Oblivious of pain or anything else but flight — instant flight! — they crawled upon their bellies backwards and sideways and vanished into the concealing covert of the thickets. Thorns tore at them and took toll, bushes resisted parting, but they pressed onward and away.
The Devil-dragon must have found the crossbow bolt — they afterward agreed on this — must, in that moment of sight, have understood everything: that there was nothing there of itself to draw a shot and even if there had been they would not have ventured to shoot at it so close to the alien encampment, and that therefore the bolt had been loosed for no other reason than to part the heavy branch and use the noise of its fall to draw away pursuit. Upon understanding came rage — at least rage; perhaps more — a signal, an alarm, an appeal—
— From behind came the hiss again, this time not cut short, and, after the air had ceased to quiver from the hiss, came a great burst of guttural sound, the coughing of a giant; and then noise for which no words existed for them. Roaring? Bellowing? Thundering? They had no need for names or words. They responded by the shrinking of their cullions and the swelling of their hearts and the cold sweat upon their skins. And by pressing on, writhing, sliding, ever away. Long after the noise behind them ceased they still had not dared rise up to run like men: and perhaps they owed to this that they were still live men.
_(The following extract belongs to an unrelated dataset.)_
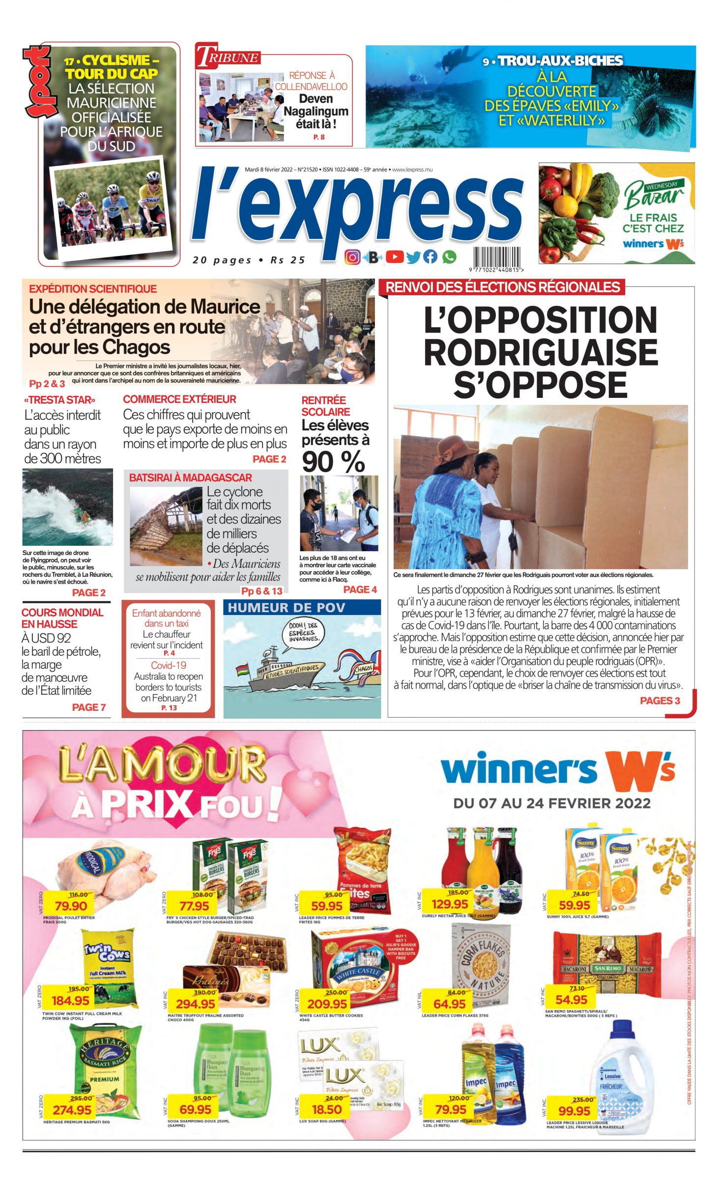 En une de l'express; Renvoi des élections régionales: l’opposition rodriguaise s’oppose; Autre titre; Commerce extérieur: Ces chiffres qui prouvent que le pays exporte de moins en moins et importe de plus en plus.
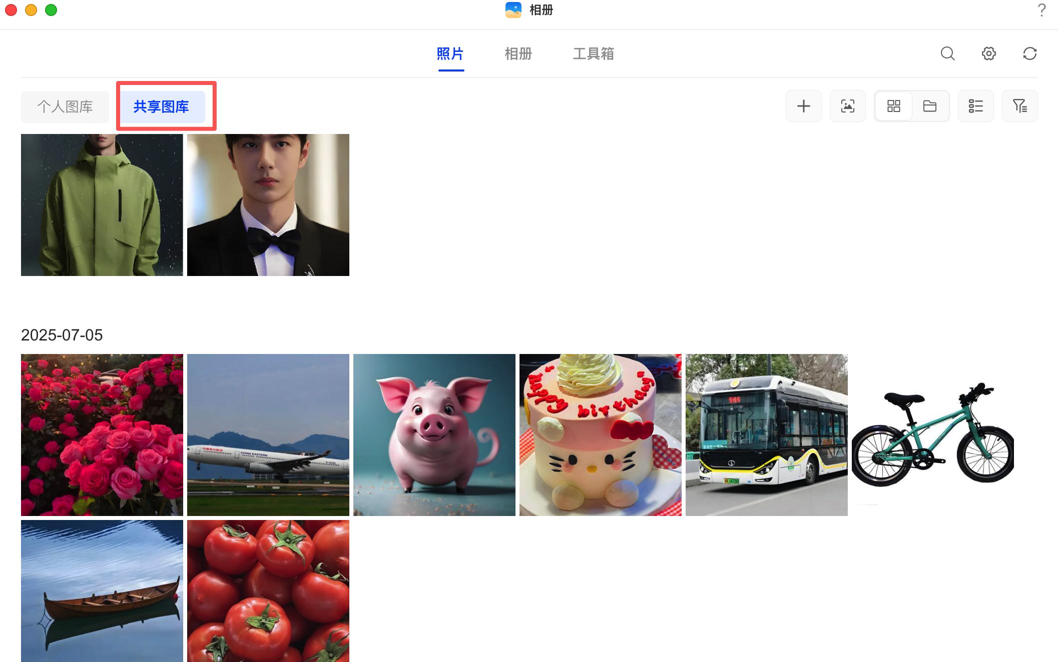▲相册还有图片共享图库功能,可以将想要分享的图片上传至共享图库,成员之间均可以查看。同时还具有分享功能,生成分享链接,直接发送。点击链接即可查看分享图片。

And they did not rise to their feet until Duro saw before him the tumbled, fissured mass of rock like half-melted honeycomb, which he knew ran on and on and on, if not forever, at least for long enough for him to breath deep and know he would draw at least a several few breaths safely thereafter:
The caves!
IV
The raft as such had ceased to exist by the time Liam was well enough to come on deck, half-expecting to see it bobbing behind. A pile of its timbers were stacked nearly about; a few more were in the process of being split into planks; a few piles of such planks were pointed out to him, as well as a bin of fragments from which an old woman was feeding a fire-box well bedded in sand.
“You seem to have made good use of it,” Liam said. “ ‘Waste not, want not,’ ” graybeard Gaspar intoned. “A saying of our wise ancients, as true today as the first day it was uttered. I am sure it relieves you to know that you, have already payed your own way.”